═════ Exercise material

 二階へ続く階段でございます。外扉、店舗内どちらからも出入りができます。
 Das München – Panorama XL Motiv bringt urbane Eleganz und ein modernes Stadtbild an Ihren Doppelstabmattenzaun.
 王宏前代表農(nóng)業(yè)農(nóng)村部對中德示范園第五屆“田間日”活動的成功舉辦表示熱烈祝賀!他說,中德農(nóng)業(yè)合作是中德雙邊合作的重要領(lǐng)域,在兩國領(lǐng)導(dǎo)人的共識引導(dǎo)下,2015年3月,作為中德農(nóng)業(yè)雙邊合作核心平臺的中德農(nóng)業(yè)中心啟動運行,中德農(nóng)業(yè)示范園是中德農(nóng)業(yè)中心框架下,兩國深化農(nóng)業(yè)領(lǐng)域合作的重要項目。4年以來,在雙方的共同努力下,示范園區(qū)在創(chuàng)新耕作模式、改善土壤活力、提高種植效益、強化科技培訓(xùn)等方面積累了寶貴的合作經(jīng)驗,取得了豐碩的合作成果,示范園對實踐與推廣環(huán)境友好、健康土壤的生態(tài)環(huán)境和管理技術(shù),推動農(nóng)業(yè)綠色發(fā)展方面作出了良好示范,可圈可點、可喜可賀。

══════════
═════ Exercise material

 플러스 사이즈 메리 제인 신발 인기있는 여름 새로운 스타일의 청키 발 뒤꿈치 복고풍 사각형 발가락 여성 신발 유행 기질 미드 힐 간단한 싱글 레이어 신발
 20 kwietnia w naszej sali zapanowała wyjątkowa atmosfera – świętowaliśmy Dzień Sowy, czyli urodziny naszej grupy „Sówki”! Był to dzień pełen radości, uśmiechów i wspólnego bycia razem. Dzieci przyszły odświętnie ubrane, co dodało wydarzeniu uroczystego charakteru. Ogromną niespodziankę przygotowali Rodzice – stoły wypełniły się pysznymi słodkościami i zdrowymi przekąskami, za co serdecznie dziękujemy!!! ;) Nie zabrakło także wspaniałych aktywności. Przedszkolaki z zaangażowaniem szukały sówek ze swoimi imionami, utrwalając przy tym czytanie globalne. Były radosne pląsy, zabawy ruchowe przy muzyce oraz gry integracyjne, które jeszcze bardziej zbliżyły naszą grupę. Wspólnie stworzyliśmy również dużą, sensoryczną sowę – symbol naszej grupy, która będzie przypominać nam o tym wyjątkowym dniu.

══════════

§ Task directions
In the listing above, the lines from the one containing "플러스 사이즈 메리 제인" through the one containing "20 kwietnia w" must be set down exactly, with no other lines.

§ Your response
 플러스 사이즈 메리 제인 신발 인기있는 여름 새로운 스타일의 청키 발 뒤꿈치 복고풍 사각형 발가락 여성 신발 유행 기질 미드 힐 간단한 싱글 레이어 신발
 20 kwietnia w naszej sali zapanowała wyjątkowa atmosfera – świętowaliśmy Dzień Sowy, czyli urodziny naszej grupy „Sówki”! Był to dzień pełen radości, uśmiechów i wspólnego bycia razem. Dzieci przyszły odświętnie ubrane, co dodało wydarzeniu uroczystego charakteru. Ogromną niespodziankę przygotowali Rodzice – stoły wypełniły się pysznymi słodkościami i zdrowymi przekąskami, za co serdecznie dziękujemy!!! ;) Nie zabrakło także wspaniałych aktywności. Przedszkolaki z zaangażowaniem szukały sówek ze swoimi imionami, utrwalając przy tym czytanie globalne. Były radosne pląsy, zabawy ruchowe przy muzyce oraz gry integracyjne, które jeszcze bardziej zbliżyły naszą grupę. Wspólnie stworzyliśmy również dużą, sensoryczną sowę – symbol naszej grupy, która będzie przypominać nam o tym wyjątkowym dniu.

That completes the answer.